Birth of a baby planet
2 March 2011
University of Sydney astronomer, Professor Peter Tuthill, is one of an international team of astronomers who have announced a major step forward in the quest to find planets in orbit around distant stars. The discovery has been published in the international journal Astronomy and Astrophysics.
The team believe this to be the first image of a solar system caught in the act of formation.
Professor Tuthill said modern scientific ideas describing the way planets are expected to form can be traced to the 1700s.
"The philosopher Immanuel Kant proposed that they grow within a vast spinning pancake of dust which is the messy remnant leftover from the formation of the sun or star at the middle.

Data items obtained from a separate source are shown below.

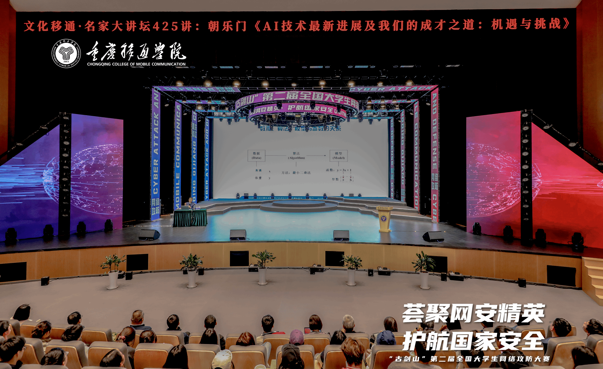 随着“古剑山”第二届全国大学生网络攻防大赛活动周的深入推进,2025年3月28日下午14:00-16:00,一场以《AI技术最新进展及我们的成长之道:机遇与挑战》为主题的名家大讲坛活动在重庆移通学院綦江校区綦艺大剧院隆重举行,内容聚焦人工智能技术革新与AI时代人才能力构建。本次活动特邀中国人民大学朝乐门教授担任主讲嘉宾,中国青年报社文化中心主任姜蕾、中国青年报社媒体策划部主任陈醒、中国青年报社媒体策划部编辑李楠、中经社北京中心主任助理王婷婷、集团高级副总裁张亮、常务副校长王永周、副校长李文豹、校长助理张平等领导及众多学院师生共同出席。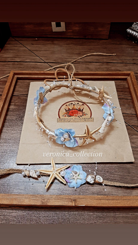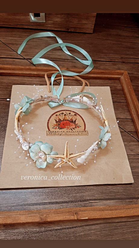 تاج دریایی با ملیح ترین رنگهای دریایی که میتوانید با رنگ دلخواهتان سفارش دهید. همچنین دستبند، گوشواره و پابند برای فرمالیته و نامزدی قابل ارائه است.رنگ دلخواه انتخاب بشه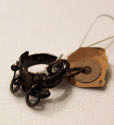 DescriptionLady's brass finger ring. Grooves at back, relief pattern at front with three rings .8 cm in diameter, attached by loops.On View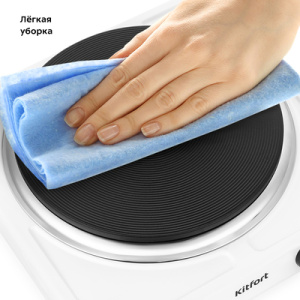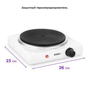Электрическая плита КТ-172 поможет приготовить блюда самой разнообразной кухни. Плита КТ-172 компактная и простая в управлении, поэтому с приготовлением на ней справится любой. Включение, выключение и настройка нагрева осуществляется с помощью регулятора температуры. Поворачивая регулятор температуры по часовой стрелке, вы включаете нагрев и увеличиваете уровень нагрева. Всего у электрической плиты 5 уровней нагрева. Легко и быстро настроив температуру, вы можете жарить, тушить или варить. Прямой нагрев позволяет использовать любую металлическую посуду, даже алюминиевые сковороды. Корпус и конфорки плиты выполнены из металла, благодаря чему после приготовления еды вы можете с лёгкостью убрать плитку от остатков пищи и прочих загрязнений. В плите установлен специальный термопредохранитель, который в случае перегрева плиты разорвёт электрическую цепь и отключит нагрев.

"Following a sort of snowball runaway effect, orbiting debris in the disk is expected to clump up into ever larger pieces until one becomes massive enough to draw in all the matter from the vicinity of its orbit. At this point, the fledgling planet will have cleared a gap or ring in the disk."
Although a number of such gaps have been found by astronomers, Kant's theory linking them to planets has remained in the realm of unproved phenomena, until now.

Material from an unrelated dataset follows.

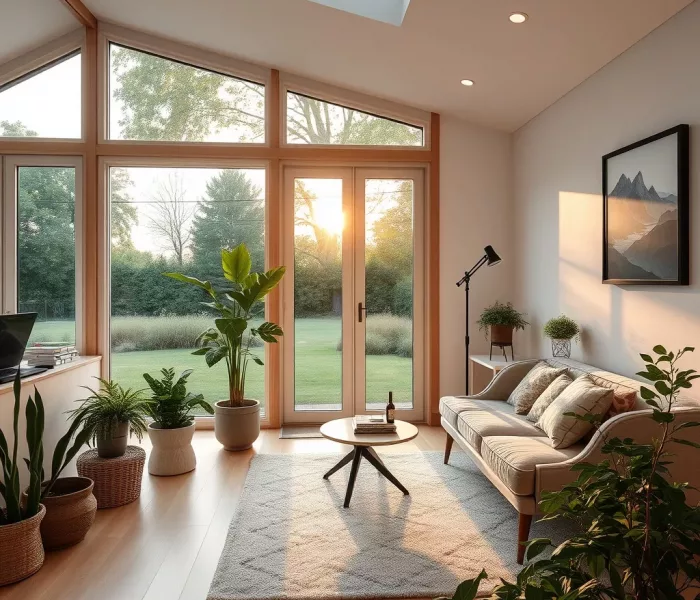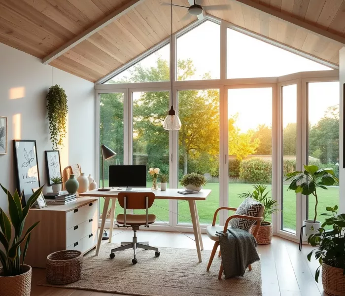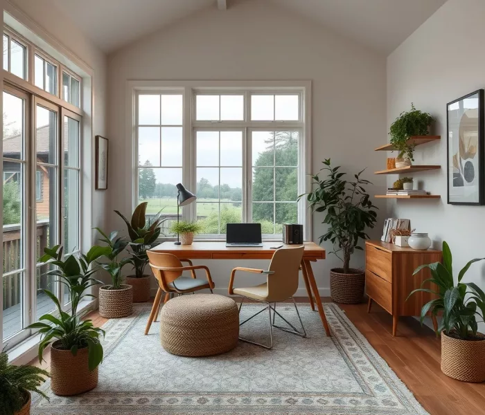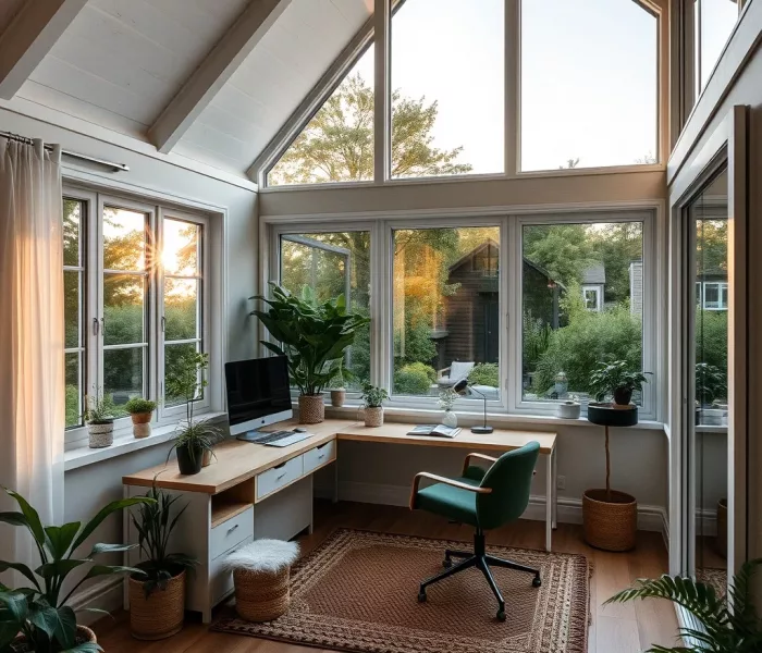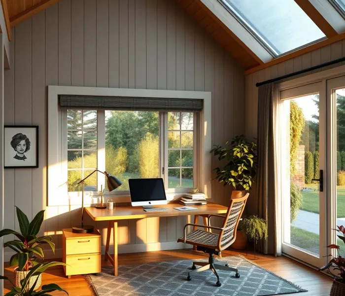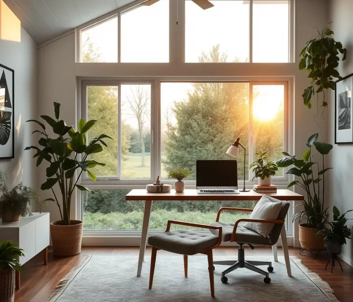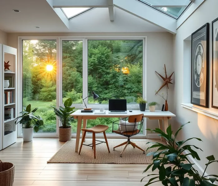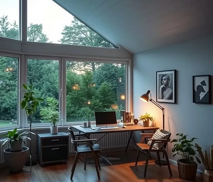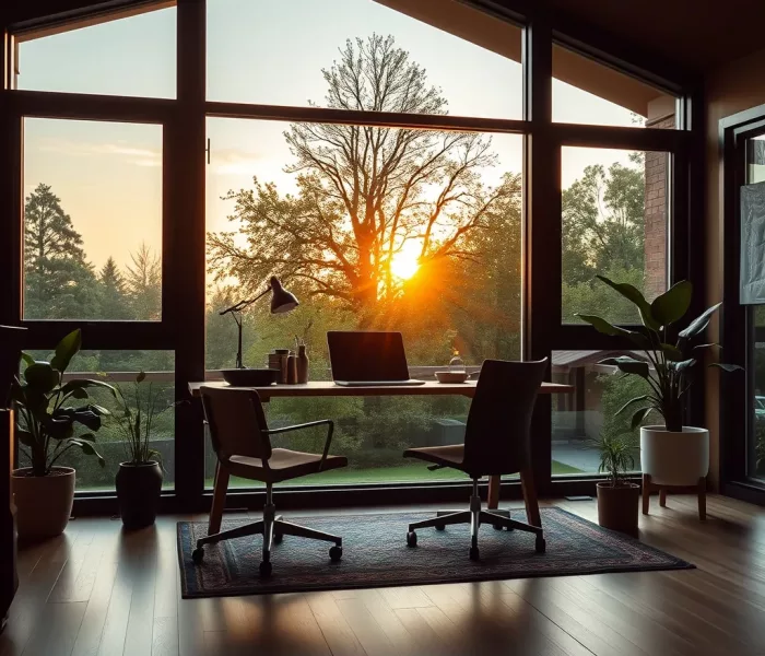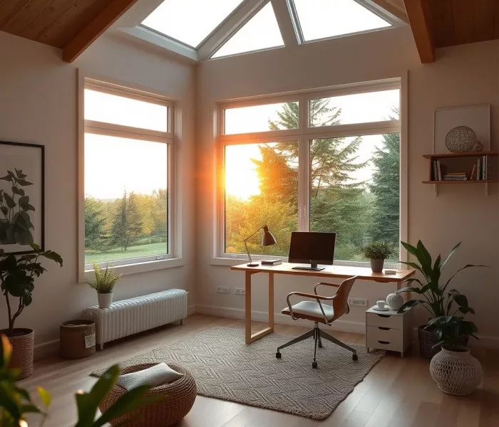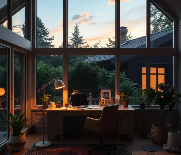 Das Büro in einem modernen Haus verkörpert die Vereinigung von minimalistischem Design und funktionaler Eleganz. Große Fensterflächen durchfluten den Raum mit natürlichem Licht und bieten Ausblicke auf die urbane Umgebung oder Landschaften.

This first planetary baby-snap published by the team have caught a tiny fleck of light, betraying the presence of a massive body like a planet or possibly a brown dwarf, orbiting exactly on queue within the vacant gap in the disk surrounding the star T Chamaeleontis.
"For understanding planetary formation, this marks a major milestone," said Nuria Huélamo of Spain's Centro de Astrobiología, first author of the work to be published in the journal Astronomy and Astrophysics this month.
"This could be the first time we have been able to witness a companion digging a gap inside its protoplanetary disc."
"In addition to the exciting science, this result also represents a technical tour-de-force," adds Professor Tuthill whose team designed the instrument which recovered the images.
"You have got to work very hard to see that faint mote of light against the overwhelming glare when the telescope is staring almost directly at a bright star like T Chamaeleontis."
The quest to image planetary newborns has been one of the most sought-after goals in modern astronomy, and needed the power of the giant telescopes at the European Southern Observatory's Paranal observatory in Northern Chile.
"As with biology, studying newborns teaches us a lot," says Dr Michael Ireland, also on the Sydney team.
"We get to see their initial properties before they get scrambled up and influenced by their environment. However there is a practical reason too: a young planet is basically a searing ball of hot lava, and glows quite brightly making it much easier to detect compared to mature cool planets like those in our solar system."
Summing up the significance of the work, team member Dr Sylvestre Lacour of Paris Observatory said, "This result has opened a whole new window on our universe, let's just hope that through it we get to see many more newborn planets twinkling in the gaps they have sculpted."